Multimodal representation using segment-level autoencoders

Table of Contents

Introduction

Video advertisements (ads) or TV commercials have become an indispensable tool for marketing. Media advertising spending in the United States for the year 2017 was about 206 Billion USD.Companies not only invest heavily in advertising, but several com-panies generate revenue from ads. For example, the ad revenue for Alphabet, Inc., rose from about 43 to 95 Billon USD from 2012–2017.

Considering the sheer number of ads being produced, it has become crucial to develop tools for a scalable and automatic analysis of ads. Automatic analysis of advertisements (ads) poses an interesting problem for learning multimodal representations. A promising direction of research is the development of deep neural network autoencoders to obtain inter-modal and intra-modal representations.

Proposed Model

In this work, we propose a system to obtain segment-level unimodal and joint representations. These features are concatenated, and then averaged across the duration of an ad to obtain a single multimodal representation. The autoencoders are trained using segments generated by time-aligning frames between the audio and video modalities with forward and backward context.

drawing

In order to assess the multimodal representations, we consider the tasks of classifying an ad as funny or exciting in a publicly available dataset of 2,720 ads. For this purpose we train the segment-level autoencoders on a larger, unlabeled dataset of 9,740 ads, agnostic of the test set.

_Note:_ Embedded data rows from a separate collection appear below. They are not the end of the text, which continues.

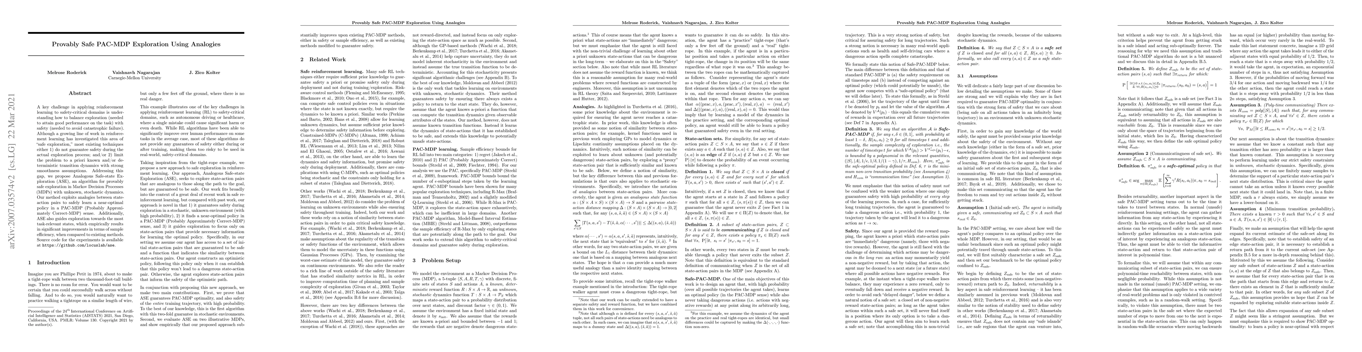 A key challenge in applying reinforcement learning to safety-critical domains is understanding how to balance exploration (needed to attain good performance on the task) with safety (needed to avoid catastrophic failure). Although a growing line of work in reinforcement learning has investigated this area of "safe exploration," most existing techniques either 1) do not guarantee safety during the actual exploration process; and/or 2) limit the problem to a priori known and/or deterministic transition dynamics with strong smoothness assumptions. Addressing this gap, we propose Analogous Safe-state Exploration (ASE), an algorithm for provably safe exploration in MDPs with unknown, stochastic dynamics. Our method exploits analogies between state-action pairs to safely learn a near-optimal policy in a PAC-MDP sense. Additionally, ASE also guides exploration towards the most task-relevant states, which empirically results in significant improvements in terms of sample efficiency, when compared to existing methods.
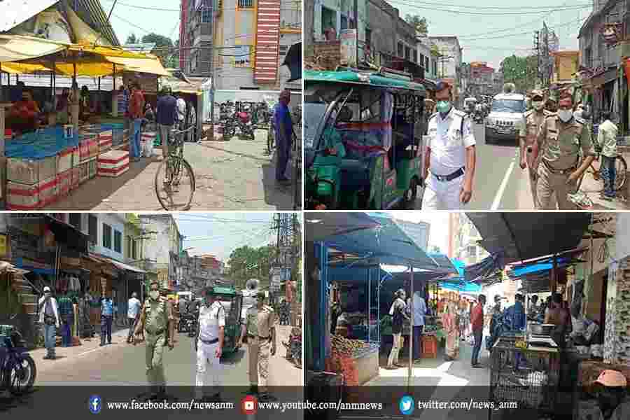राज्य के आंशिक लॉकडाउन के पहले दिन पुलिस ने क्षेत्र में जागरूकता अभियान चलाया
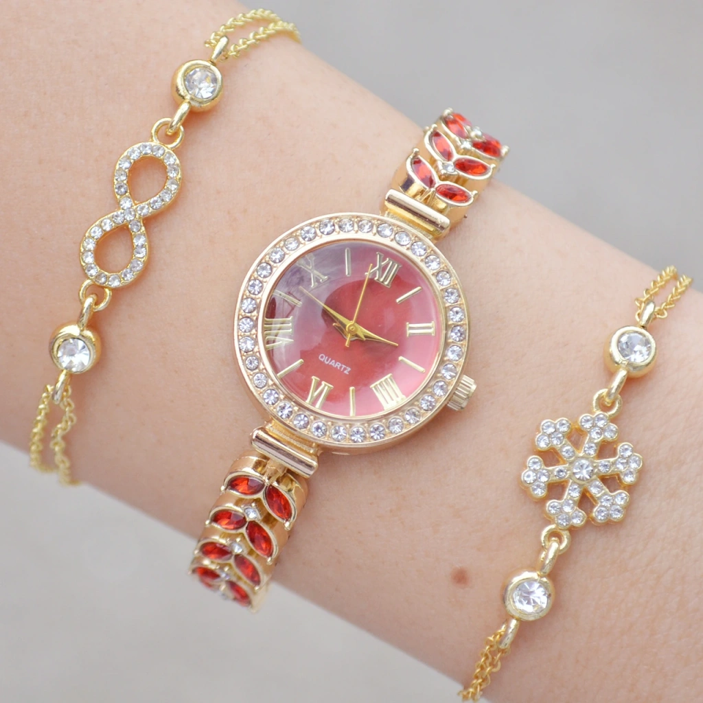 Gold Taşlı Metal Kordon Kadın Saat Kombini 3646

Our experiments show that: 1) the multimodal representations outperform joint and unimodal representations, 2) the different representations we learn are complementary to each other, and 3) the segment-level multimodal representations perform better than classical autoencoders and cross-modal representations – within the context of the two classification tasks. We obtain an improvement of about 5\% in classification accuracy compared to a competitive baseline.